Is it possible, then, I asked Parker, that the Republican Party itself will become more divided? "Yes," he replied. "We've been seeing this ever since the mid-term elections... And I, for one, think it's driven by this split among conservatives..."
Although the establishment conservatives -- people like Will and Brooks and Frum -- have the power positions in mainstream media, the Tea Party movement, nonetheless, appears to drive the Republican agenda. "They're more politically active and engaged," Parker explained. "And our data show that across a range of activities or measures for political engagement, that people who strongly support the Tea Party are more engaged and more active than people who don't. And that's ranging from voting in the mid-term elections to attending a meeting to donating to a campaign, volunteering for a campaign -- I mean, you name it."
In other words, House Speaker John Boehner may not be a Tea Partier at heart, but it's the Tea Partiers to whom he must answer. So even though the Tea Party movement has yet to assume the majority within the G.O.P., it drives the agenda because of the destruction its followers could wreak on those who refuse its demands.
The split in the conservative movement could be good news for liberals and progressives, but only if they are willing to exploit the divisions among their opponents, something they've never shown much taste for doing. Wedge-driving has long been the tactic of conservatives and Republicans -- rarely of liberals and Democrats. If those divisions are allowed to take their natural course, the probable outcome will be an even more reactionary and paranoid G.O.P., and that's not good for anybody.

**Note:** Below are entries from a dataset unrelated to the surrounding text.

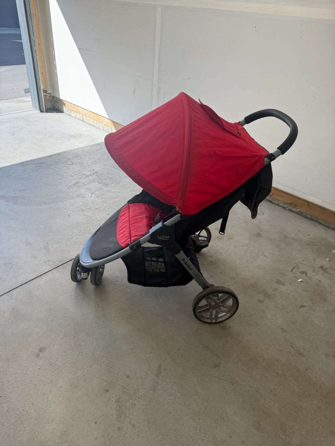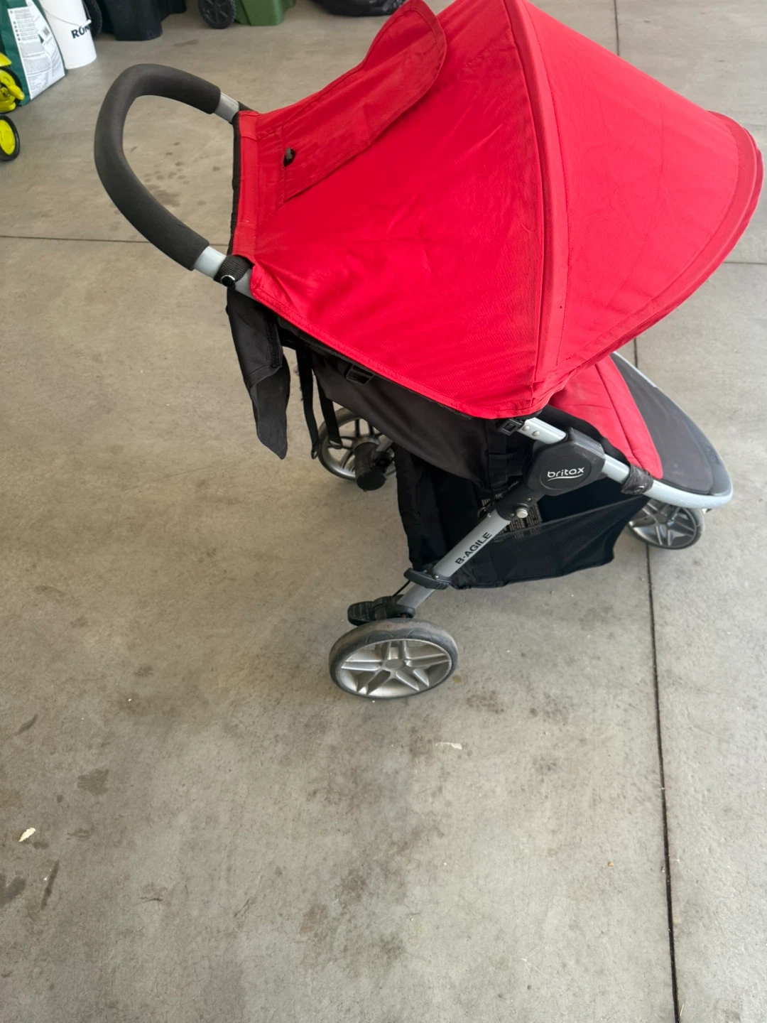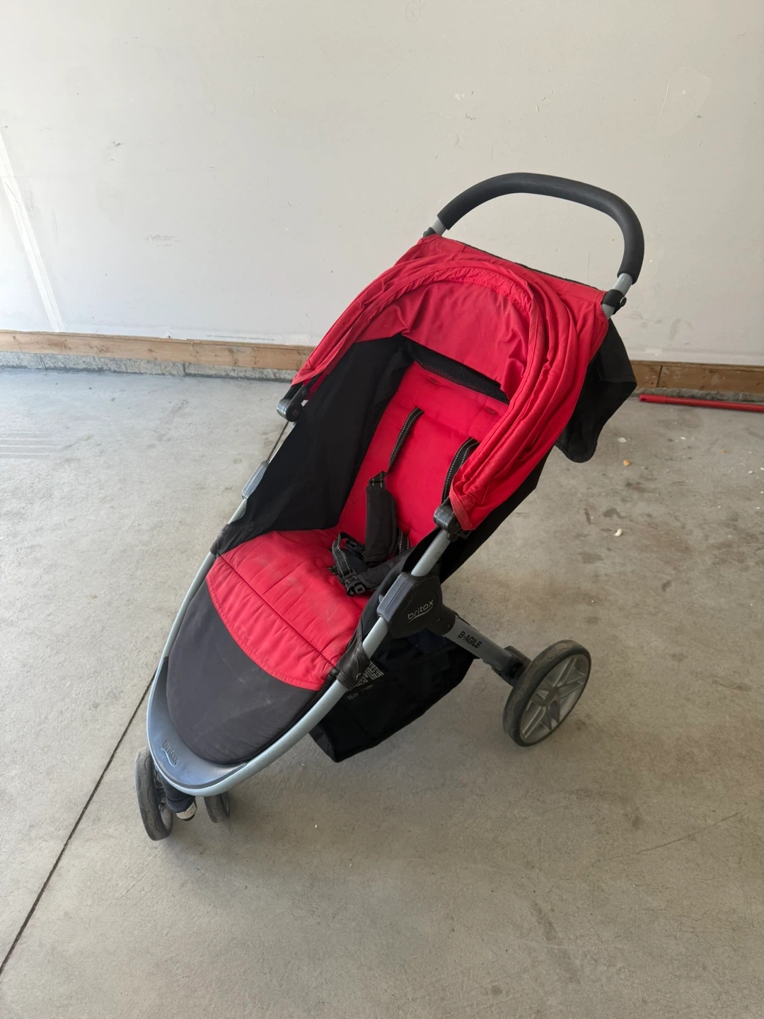 Selling a Britax B-Agile stroller in red and black. It's in good condition and ready for a new home. Perfect for walks around the neighbourhood!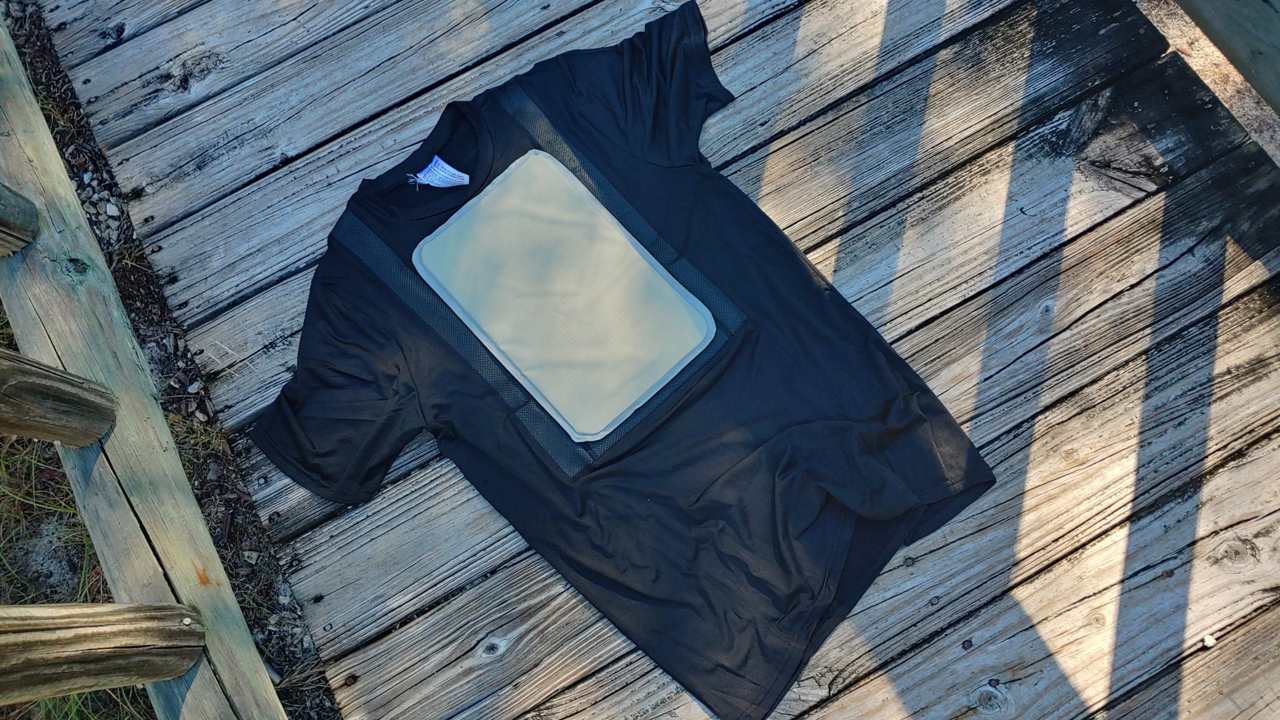 It’s a fairly simple setup. The shirt fits incredibly tightly, much like an Underarmor style sports shirt. The tight shirt holds the panels in place and secures them in one location. The shirt itself is moisture-wicking, fairly lightweight, and breathable. The large panels offer plenty of torso protection, and the tight nature of the shirt keeps them in place.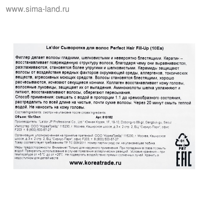 Филлер для восстановления волос La'dor Perfect Hair Fill-Up, 10 шт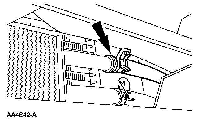 35. Install the power steering cooling hose into the retaining clip.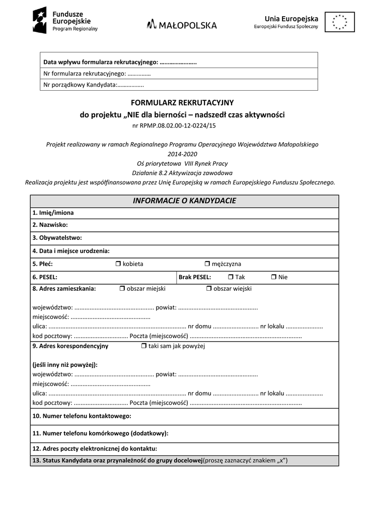 Data wpływu formularza rekrutacyjnego: ………………….. Nr formularza rekrutacyjnego: …………… Nr porządkowy Kandydata:…………….. FORMULARZ REKRUTACYJNY do projektu „NIE dla bierności – nadszedł czas aktywności nr RPMP.08.02.00-12-0224/15 Projekt realizowany w ramach Regionalnego Programu Operacyjnego Województwa Małopolskiego 2014-2020 Oś priorytetowa VIII Rynek Pracy Działanie 8.2 Aktywizacja zawodowa Realizacja projektu jest współfinansowana przez Unię Europejską w ramach Europejskiego Funduszu Społecznego. INFORMACJE O KANDYDACIE 1. Imię/imiona 2. Nazwisko: 3. Obywatelstwo: 4. Data i miejsce urodzenia: 5. Płeć: kobieta 6. PESEL: 8. Adres zamieszkania: mężczyzna Brak PESEL: obszar miejski Tak Nie obszar wiejski województwo: ............................................... powiat: ............................................... miejscowość: ............................................... ulica: ................................................................................. nr domu ........................... nr lokalu ...................... kod pocztowy: ................................ Poczta (miejscowość) .................................................................. 9. Adres korespondencyjny taki sam jak powyżej (jeśli inny niż powyżej): województwo: ............................................... powiat: ............................................... miejscowość: ............................................... ulica: ................................................................................. nr domu ........................... nr lokalu ...................... kod pocztowy: ................................ Poczta (miejscowość) .................................................................. 10. Numer telefonu kontaktowego: 11. Numer telefonu komórkowego (dodatkowy): 12. Adres poczty elektronicznej do kontaktu: 13. Status Kandydata oraz przynależność do grupy docelowej(proszę zaznaczyć znakiem „x”) osoba fizyczna w wieku 30 lat i więcej pozostająca bez pracy zamieszkująca jeden z powiatów: myślenicki, m.Tarnów,miechowski,proszowicki,wadowicki,oświęcimski,nowotarski,brzeski,gorlicki,tarnowskie,chrza nowskie, olkuskie, nowosądeckie, tatrzańskie, limanowskie i dąbrowski w woj. małopolskim. w tym: osoba bierna zawodowoi; osoba bezrobotnaii, w tym: długotrwale bezrobotnaiii osoba bezrobotna niezarejestrowana w ewidencjach urzędów pracy. osoba powyżej 50 roku życia osoba niepełnosprawna w stopniu lekkim, umiarkowanym, znacznym. osoba o niskich kwalifikacjach4 14. Wykształcenie (proszę zaznaczyć znakiem „x” ) Nazwa programu/szkoły Poziom ISCED 2011 Przedszkole/brak Poziom 0 Szkoła podstawowa Poziom 1 Gimnazjum Poziom 2 Liceum, Technikum, Zasadnicza szkoła zawodowa Poziom 3 Szkoły policealne Poziom 4 Studia krótkiego cyklu np. kolegium językowe, kolegium nauczycielskie Poziom 5 Studia licencjackie Poziom 6 Studia magisterskie, Studia uzupełniające magisterskie, Poziom 7 Studia doktoranckie Poziom 8 15. Posiadane doświadczenie zawodowe (proszę zaznaczyć znakiem „x” i uzupełnić) brak doświadczenia od 1 do 3 miesięcy od 3 miesięcy do 1 roku powyżej 1 roku Zawód wyuczony ………………………………………………………………………………………………… 16. OCZEKIWANIA ZWIĄZANE Z UDZIAŁEM W PROJEKCIE (proszę zaznaczyć znakiem „x” i /lub uzupełnić) Podniesienie zdolności do zatrudnienia tak nie Podjęcie pracy Nabycie lub zaktualizowanie posiadanych kwalifikacji Zwiększenie atrakcyjności na rynku pracy Zwiększenie wiary we własne siły, poczucia wartości, potencjału społecznego i eliminacja barier tak tak tak nie nie nie tak nie Inne, jakie?............................................................................................................................................................... 17. Źródła informacji o projekcie (zakreślić odpowiednie) Ulotka/plakat informacyjny Ogłoszenie prasowe Spotkanie informacyjne Strona internetowa projektu Znajomi Inne (jakie?) …………………………………………………………………………………. Oświadczenia: Oświadczam, że wszystkie dane zawarte w niniejszym Formularzu Rekrutacyjnym są zgodne z prawdą. Oświadczam, że zapoznałem(am) się z Regulaminem rekrutacji i Regulaminem uczestnictwa. Ja niżej podpisany(a) wyrażam zgodę na przetwarzanie moich danych osobowych dla celów związanych z procedurą rekrutacji oraz realizacją projektu „NIE dla bierności – nadszedł czas aktywności”, zgodnie z Ustawą z dnia 29.08.1997 r. o Ochronie Danych Osobowych (Dz. U. Nr 133 poz. 883). Wyrażam zgodę na prowadzenie wobec mojej osoby dalszego postępowania rekrutacyjnego, mającego na celu określenie moich predyspozycji do udziału w Projekcie. Zostałem(am) poinformowany(a), że Projekt jest finansowany ze środków Unii Europejskiej – Europejskiego Funduszu Społecznego. Mam świadomość, że szkolenie może odbywać się w miejscowości innej od mojego miejsca zamieszkania i wyrażam na to zgodę. Jestem świadomy(a), iż złożenie Formularza rekrutacyjnego nie jest równoznaczne z zakwalifikowaniem do udziału w projekcie. Zostałem(am) pouczony(a) o odpowiedzialności za składanie oświadczeń niezgodnych z prawdą lub zatajenie prawdy, niniejszym oświadczam, że ww. dane są prawdziwe. Jednocześnie oświadczam, iż jestem świadomy(a), że w razie złożenia przeze mnie oświadczenia niezgodnego z prawdą, skutkującego obowiązkiem zwrotu środków otrzymanych na sfinansowanie mojego udziału w projekcie, EURO-FUTURA Spółka z ograniczoną odpowiedzialnością będzie miała prawo dochodzić ode mnie roszczeń na drodze cywilnoprawnej. …………………………………………. Data i czytelny podpis Kandydata/tki do projektu Do formularza zgłoszeniowego przedkładam poniższe załączniki: 1. Oświadczenie Uczestnika 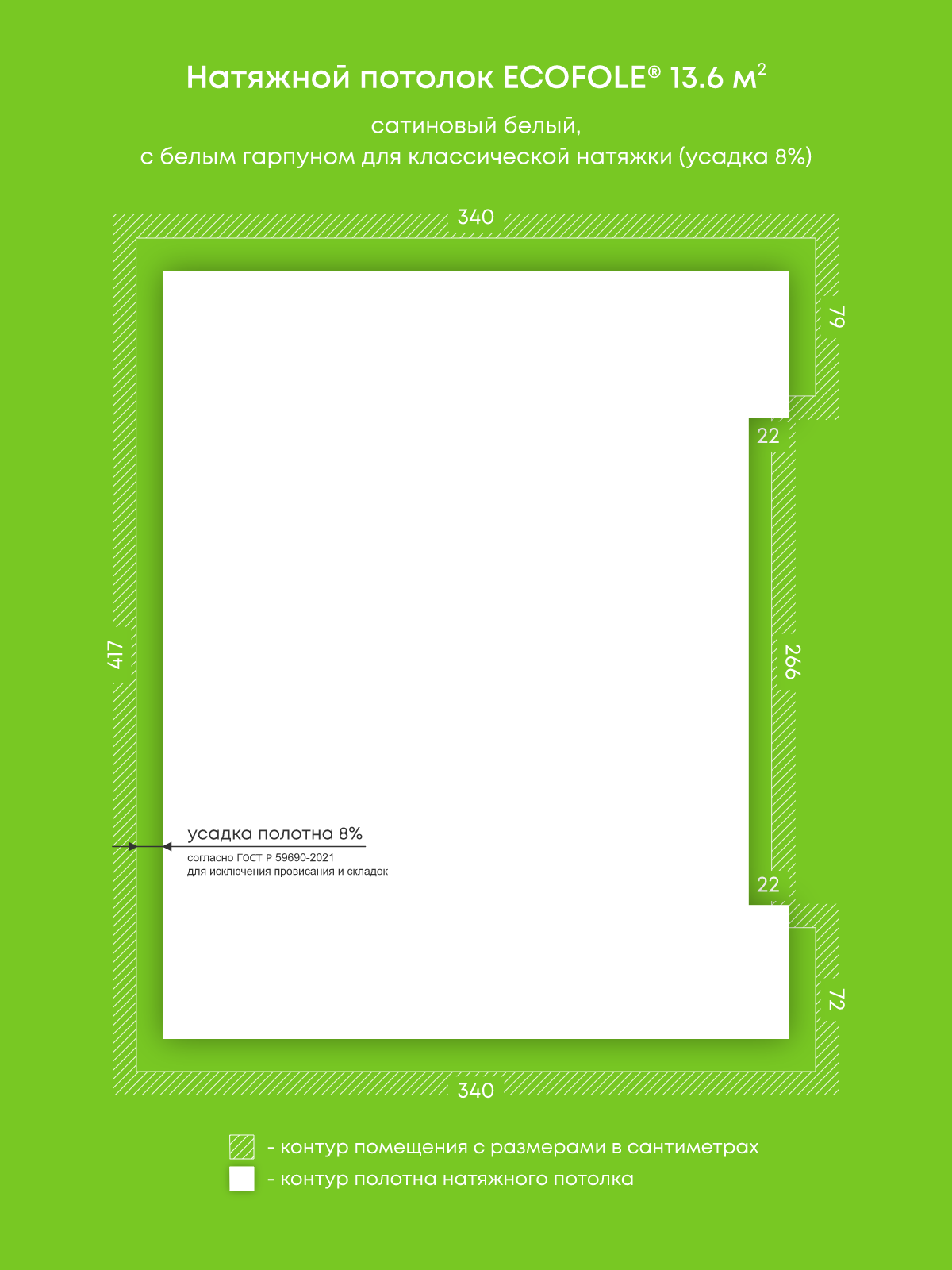 Сатиновый натяжной потолок 13.6 м2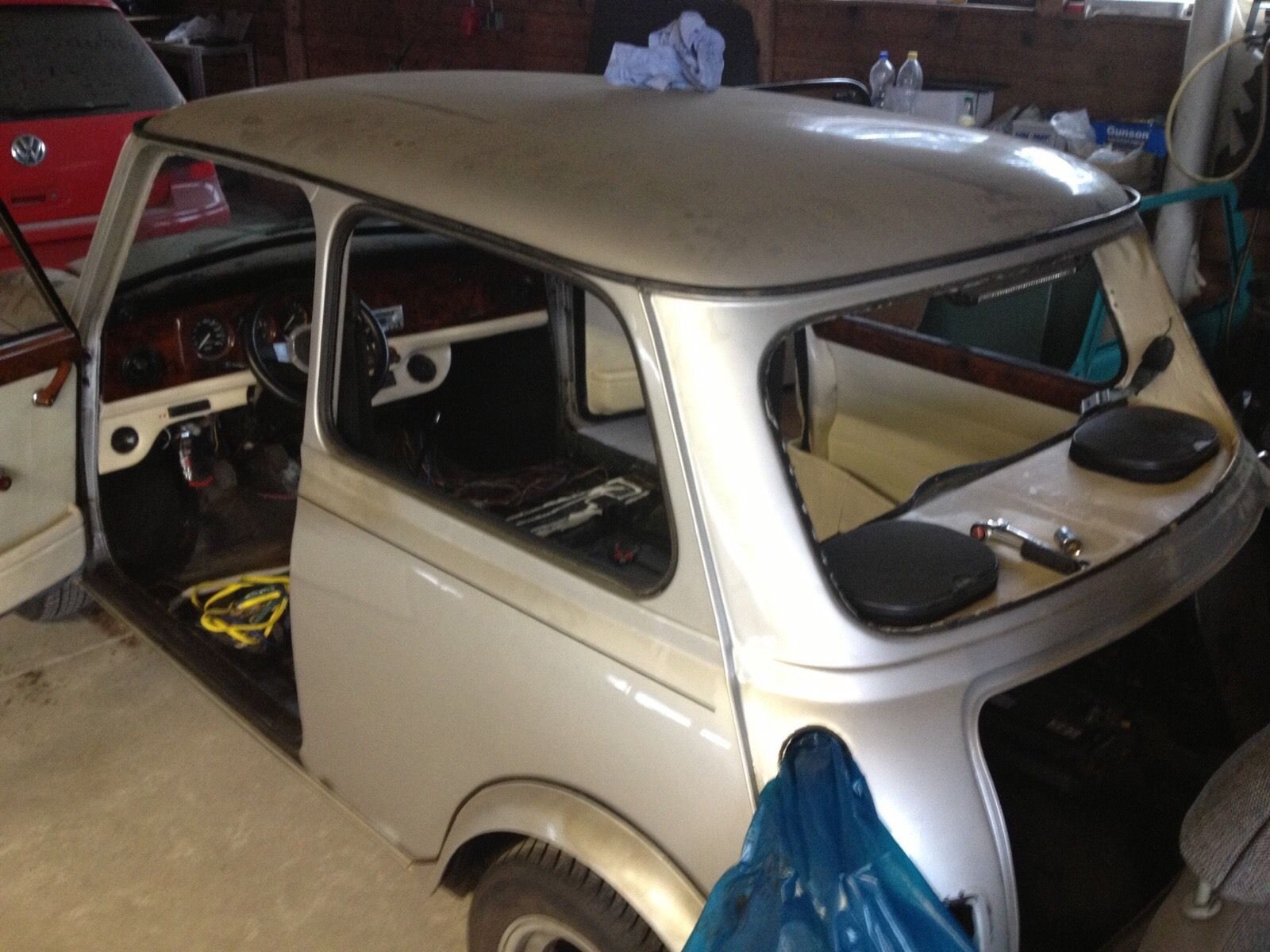 Der Mini steht bei einem Bekannten der mir alle Schweißarbeit macht. Das war so im preis mit vereinbart.Die ersten Reaktionen musste ich erstmal gut schlucken aber wenn ich darüber nachdenke, würde es mir echt schwer fallen, alles sofort wieder hinzuwerfen.

Parker, however, sees another possible scenario, heralded by the uprising in Wisconsin against the draconian, anti-worker, anti-poor-people policies of Gov. Scott Walker, a Republican, who won his spot as his state's chief executive with a hefty assist from billionaire David Koch, patron of the Tea Party movement. Parker foresees the possibility a nationwide, grass-roots push-back against the Tea Party-driven agenda.
"When you think about what's going on, for example, in Wisconsin," Parker said, "there's a possibility that what's happening with these candidates or with these elected officials who are really paying attention to the Tea Party and all the noise these Tea Partiers are making -- it's possible it could lead to a counter-mobilization. [Wisconsin] could be a case in point, where you see this massive counter-mobilization against these groups."
Parker's latest survey is based on 1,504 telephone interviews of respondents from 13 states.
Under Parker's direction, the Institute for the Study of Ethnicity, Race and Sexuality began collecting data on Tea Party supporters last year, producing a landmark survey on Tea Partiers' racial attitudes, finding 73 percent of Tea Party "true believers" agreed with the statement that "if blacks would only try harder they could be just as well off as whites."